Time goes by. The future comes towards us—or, to some, we move towards it. The future arrives in the present and then both settle into the past, gone but not forgotten.
Or so it seems. Here’s another possibility: there is no past or future of this sort at all, no flow of something called time that moves from future to past at a steady rate.
Of course, events did happen in the past. The evidence is all around us: rock, oceans, old trees, pyramids, Mr. Vernon, battlefields, cemeteries. We may think such evidence strengthens our everyday notion of time going by in an orderly fashion. But time, and especially our experience of it, is not so simple. Time is a human thing, built from memories, from the apparent movement of the sun and stars, from measuring tools, and from traditions about the value of the past and the knowability of the future.
And yet It seems sensible to me to think of us as living only in the present.* Being alive is a present state, a current condition; no organism can literally “live in the past.” But the past is certainly with us every step of the way. We are born with codes from our parents’ DNA, we store memories in our bodies, and we hang on to useful recollections in detail. We draw from this storage continuously to manage the endless present that we live in. We use it also to imagine, wish for, plan on, and worry about the future. Time is the name we give this flow, but it is we, not time, that are flowing.
So to make time useful; we measure it and mark it. “It’s a two-hour movie.” The label classifies the movie but is hardly precise. Say the movie, the feature itself, runs for two hours, three minutes and sixteen seconds. We would still call it a “two-hour movie” as a convenient description, but the movie runs for as long as it runs. The time is not the duration itself. Clocks and calendars help our lives tick by, but they are not time itself.

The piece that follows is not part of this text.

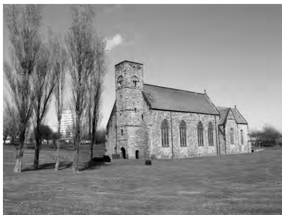
St Peter's Chapel

We will be exploring the history of the town from prehistoric times through to the creation of the parish of Sunderland in 1719. Much of what we know of Sunderland's Anglo-Saxon history comes from the writings of Bede, born on the lands belonging to the monastery of St Peter's at Monkwearmouth and its twin establishment, St Paul's at Jarrow. Bede spent his early years at Monkwearmouth, before transferring to Jarrow, thus witnessing the development of the twin monasteries as focal points of early Christianity in the north and

A related simplification is the belief that time moves in one direction only, from future to past (or from past to future). But as we well know, time also moves in cycles. Units of time come round again and again even though the present moves on. “I meant next week, not this week.” In fact, we label any particular moment in time using clock-and calendar units that repeat themselves. Like the rotating dials on a bicycle lock, the numbers and words converge on a single combination. Right now it’s 9:10 am Eastern Standard Time on Tuesday, February 8, 2020.
Three of these units connect much more closely to the cycles of nature than others: these are day, month, and year. The early ancestors of the word day referred to just to daylight, in contrast to the dark of night, until the Babylonians and Romans applied it to the 24-hour cycle of day-and-night that we know as a day. The word month comes from the duration of the cycle of the waxing and waning moon. And year is anciently related to early versions of words like season and summer, probably with the sense of “that which makes a full cycle.”
So organisms both get “older” and at the same time partially renew themselves in sync with the three repetitions: the rotations of the earth, the orbiting of the moon around the earth, and the orbiting of the earth around the sun.
These cycles have embedded themselves in all bodies:
- The daily (circadian) rhythm of darkness and daylight, cold and warmth, triggers sleeping and waking, rest and exertion.
- The moon pulls the tides twice a day. And as it waxes and wanes each month, it lightens and darkens the night. Under a bright moon, lions hunt and snakes hide. Many species have adapted to these moon-and-tide patterns to survive.**
- Earth’s yearly orbit around the sun brings the four seasons, prompting flowering, mating, ripeness, hibernation.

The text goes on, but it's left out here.